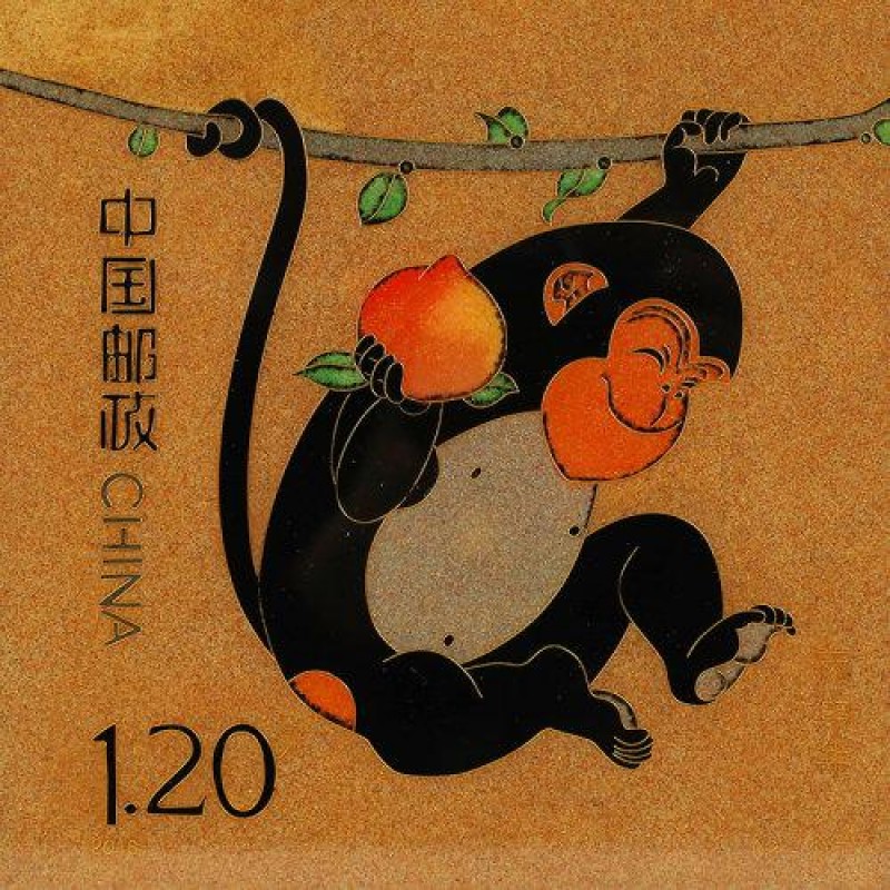 Zhongyi Shengjia Zhongyi Tang Collectibles: Mi Zhenxiong, Cloisonn é, Bingshen Nian Monkey Ticket, Cloisonn é Enamel Painting
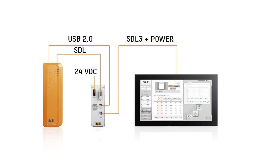Not only does SDL3 transfer all communication data between the industrial PC and the Automation Panel using a single cable; it can also handle the power supply for the panel. This is done using an SDL3 converter connected between the PC and the panel. This type of cabling is ideal when only supplying the panel and its membrane keys and LEDs. Particularly when installing panels on swing arm systems, cabling is considerably simplified by using a single cable without the additional 24 VDC connection. If additional mechanical switching elements such as hard-wired push buttons, key switches and E-stop buttons are also present and there is already a 24 VDC supply on the panel, an Automation PC 910 with integrated SDL3 transmitter may be a well-suited option.
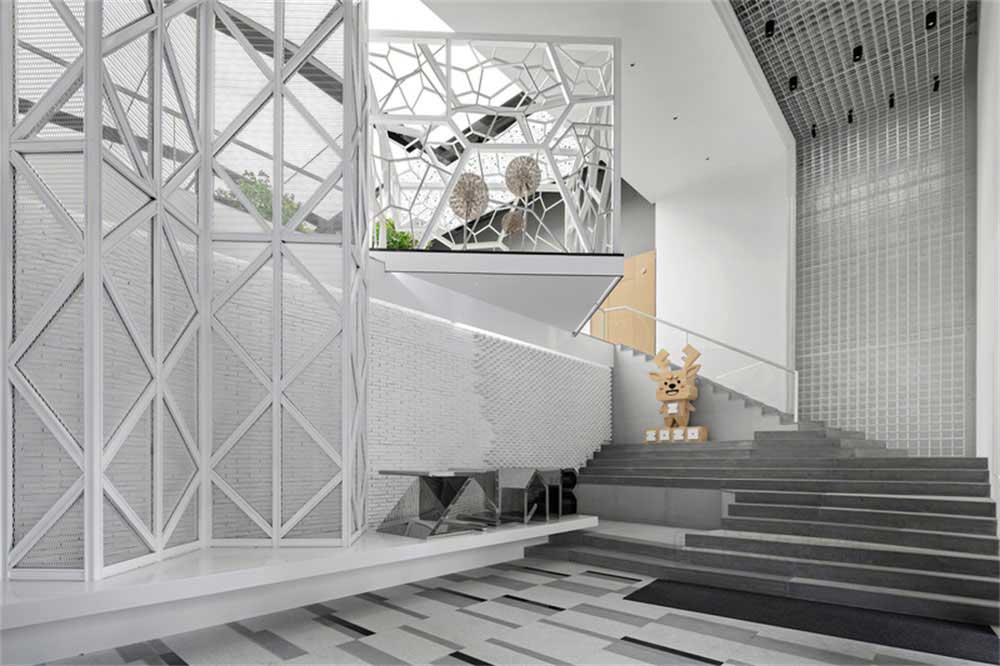 入口為網(wǎng)狀金屬結(jié)構(gòu),并利用高度優(yōu)勢,營造出令人震撼的視覺效果。網(wǎng)狀的連接象征著蒲公英的傳播與秩序。金屬logo和木質(zhì)的吉祥物,作為有趣和跳躍的代表,點(diǎn)綴其間。
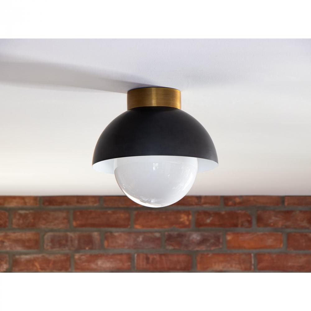 Our Montreux Flush Mount has a beautiful, minimalistic silhouette with its metal shade. The large, opal white glass globe creates a soft glow when illuminated. Add this modern fixture to your neutral nest, modern farmhouse, or urban loft.
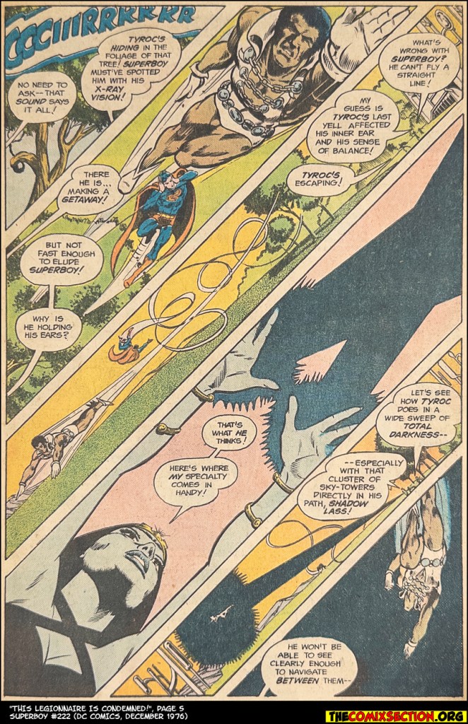 Cary Bates contributes the script, which has Tyroc rampaging around Metropolis, angry the Legion doesn’t want to move its headquarters to his island. Even without the later clarifying details, it’s an incredibly thin setup. We get the science police complaining to the Legion, the Legion revealing Tyroc’s having a tantrum, and then the Legion going after him. They catch up to him at a park, where they capture him.
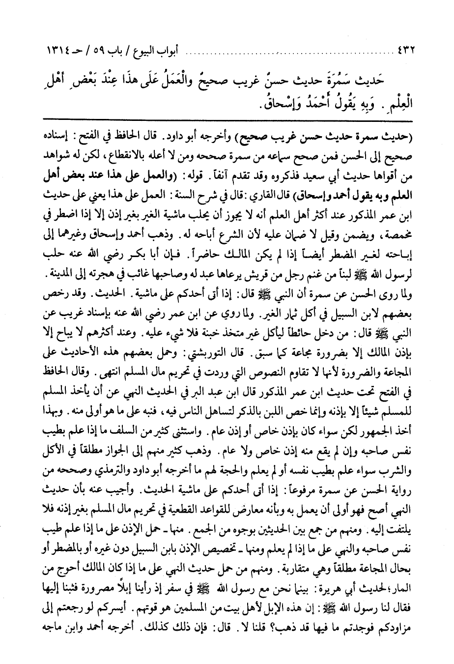 قَوْلُهُ (وَالْعَمَلُ عَلَى هَذَا عِنْدَ بَعْضِ أَهْلِ الْعِلْمِ وَبِهِ يَقُولُ أحمد وإسحاق) قال القارىء قَالَ فِي شَرْحِ السُّنَّةِ الْعَمَلُ عَلَى هَذَا يعني على حديث بن عُمَرَ الْمَذْكُورِ عِنْدَ أَكْثَرِ أَهْلِ الْعِلْمِ أَنَّهُ لَا يَجُوزُ أَنْ يَحْلِبَ مَاشِيَةَ الْغَيْرِ بِغَيْرِ إِذْنٍ إِلَّا إِذَا اضْطُرَّ فِي مَخْمَصَةٍ وَيَضْمَنُ وَقِيلَ لَا ضَمَانَ عَلَيْهِ لِأَنَّ الشَّرْعَ أَبَاحَهُ لَهُ

....................

◆ Exercise goal ◆
Should a picture appear among the entries, skip it and copy the rest exactly.

◆ Finished exercise ◆
 Zhongyi Shengjia Zhongyi Tang Collectibles: Mi Zhenxiong, Cloisonn é, Bingshen Nian Monkey Ticket, Cloisonn é Enamel Painting
Not only does SDL3 transfer all communication data between the industrial PC and the Automation Panel using a single cable; it can also handle the power supply for the panel. This is done using an SDL3 converter connected between the PC and the panel. This type of cabling is ideal when only supplying the panel and its membrane keys and LEDs. Particularly when installing panels on swing arm systems, cabling is considerably simplified by using a single cable without the additional 24 VDC connection. If additional mechanical switching elements such as hard-wired push buttons, key switches and E-stop buttons are also present and there is already a 24 VDC supply on the panel, an Automation PC 910 with integrated SDL3 transmitter may be a well-suited option.
 入口為網(wǎng)狀金屬結(jié)構(gòu),并利用高度優(yōu)勢,營造出令人震撼的視覺效果。網(wǎng)狀的連接象征著蒲公英的傳播與秩序。金屬logo和木質(zhì)的吉祥物,作為有趣和跳躍的代表,點(diǎn)綴其間。
 Our Montreux Flush Mount has a beautiful, minimalistic silhouette with its metal shade. The large, opal white glass globe creates a soft glow when illuminated. Add this modern fixture to your neutral nest, modern farmhouse, or urban loft.
 Cary Bates contributes the script, which has Tyroc rampaging around Metropolis, angry the Legion doesn’t want to move its headquarters to his island. Even without the later clarifying details, it’s an incredibly thin setup. We get the science police complaining to the Legion, the Legion revealing Tyroc’s having a tantrum, and then the Legion going after him. They catch up to him at a park, where they capture him.
 قَوْلُهُ (وَالْعَمَلُ عَلَى هَذَا عِنْدَ بَعْضِ أَهْلِ الْعِلْمِ وَبِهِ يَقُولُ أحمد وإسحاق) قال القارىء قَالَ فِي شَرْحِ السُّنَّةِ الْعَمَلُ عَلَى هَذَا يعني على حديث بن عُمَرَ الْمَذْكُورِ عِنْدَ أَكْثَرِ أَهْلِ الْعِلْمِ أَنَّهُ لَا يَجُوزُ أَنْ يَحْلِبَ مَاشِيَةَ الْغَيْرِ بِغَيْرِ إِذْنٍ إِلَّا إِذَا اضْطُرَّ فِي مَخْمَصَةٍ وَيَضْمَنُ وَقِيلَ لَا ضَمَانَ عَلَيْهِ لِأَنَّ الشَّرْعَ أَبَاحَهُ لَهُ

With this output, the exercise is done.